La gestion des matériaux constitue un deuxième défi. Dans un tel projet en plein cœur de Bruxelles, il n’y a pas suffisamment d’espace pour stocker sur place la plupart des matériaux destinés au réemploi. Après accord du maître d’ouvrage, Cordeel a stocké les matériaux dans un autre endroit. « Ce n’était pas prévu dans le planning initial, mais cela nous a semblé nécessaire », explique le chef de projet principal chez Cordeel.

Le réemploi de matériaux du bâtiment.
Le marché circulaire est encore en plein développement, ce qui signifie qu'il n’est pas toujours possible de trouver à temps les bons matériaux de réemploi.

Disponible et approprié

La disponibilité des matériaux de réemploi peut également constituer un frein. Le marché circulaire est encore en plein développement, ce qui signifie qu'il n’est pas toujours possible de trouver à temps les bons matériaux de réemploi.

Un autre défi : les matériaux ne sont pas toujours appropriés. « En théorie, beaucoup de matériaux sont éligibles au réemploi, mais en pratique, c’est plus compliqué. En effet, il faut des certificats pour les matériaux qui doivent disposer d’une étanchéité et d’une sécurité incendie adéquate », explique Laurent Withofs. « Souvent, nous n’avons pas cette certification ou elle ne correspond plus à la réglementation en vigueur. »

LES DÉFIS CIRCULAIRES EN RÉSUMÉ

Le projet OXY a montré que la mise en œuvre de l’urban mining et de la démolition sélective apporte son lot de défis importants. Le réemploi peut ne pas apporter de plus-value à un projet. Il doit être pris en compte dès le début de celui-ci. L’intégration de matériaux réutilisés dans un projet exige, en effet, beaucoup de temps et d'études préparatoires. Il était également essentiel d'impliquer un expert en réemploi et en fabrication de matériaux dès la première conception et un entrepreneur spécialisé dans la démolition dès le début de la mise en œuvre.

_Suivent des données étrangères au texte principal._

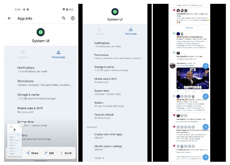 但目前的测试看,只能在少数情况下激活滚动截屏,在设置和 Twitter 中,滚动截屏可以正常使用,捕获整个滚动屏幕中的内容,但在 Chrome 或 Google Discover 上,还无法使用滚动截屏。
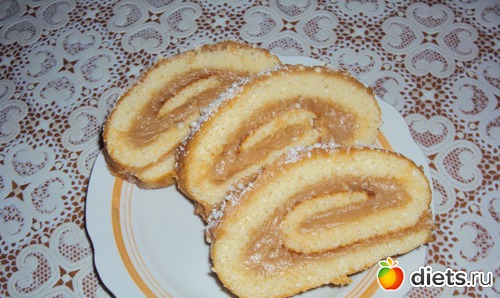 Готовый горячий корж смажьте любым заварным кремом (немного оставьте для обмазки верха рулета), джемом или густым вареньем, быстро сверните в рулет, аккуратно освобождая от бумаги, и поставьте в холодное место для остывания и пропитки.
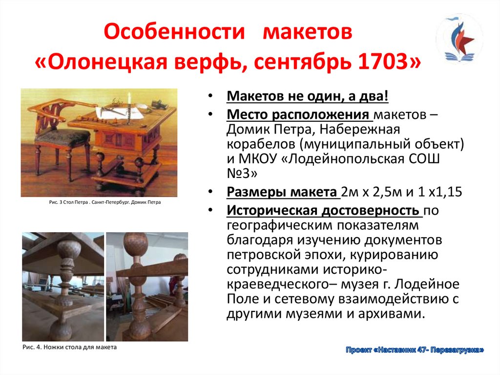 Особенности макетов«Олонецкая верфь, сентябрь 1703»

Ensuite, les objectifs en matière de circularité doivent être suivis en continu. Dans le projet OXY, les réunions de circularité ont lieu tous les mois avec toutes les parties concernées, et Rotor, en tant que successeur spécialisé.

Souvent, il faut disposer d'un lieu en dehors du chantier, où les matériaux sont stockés temporairement et/ou traités avant d’arriver sur le chantier, ce qui coûte également beaucoup d’argent.

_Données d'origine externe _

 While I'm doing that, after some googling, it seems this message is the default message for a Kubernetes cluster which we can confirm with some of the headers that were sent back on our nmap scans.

Puisque la disponibilité des matériaux de récupération n’est pas toujours garantie, il faut faire preuve de flexibilité et trouver suffisamment d’alternatives. Dans le projet OXY, la perte d’un lot de planchers surélevés ne nous a malheureusement pas permis d’atteindre les objectifs. Une plateforme numérique avec un système de réservation des matériaux de réemploi pourrait offrir une solution à ce problème.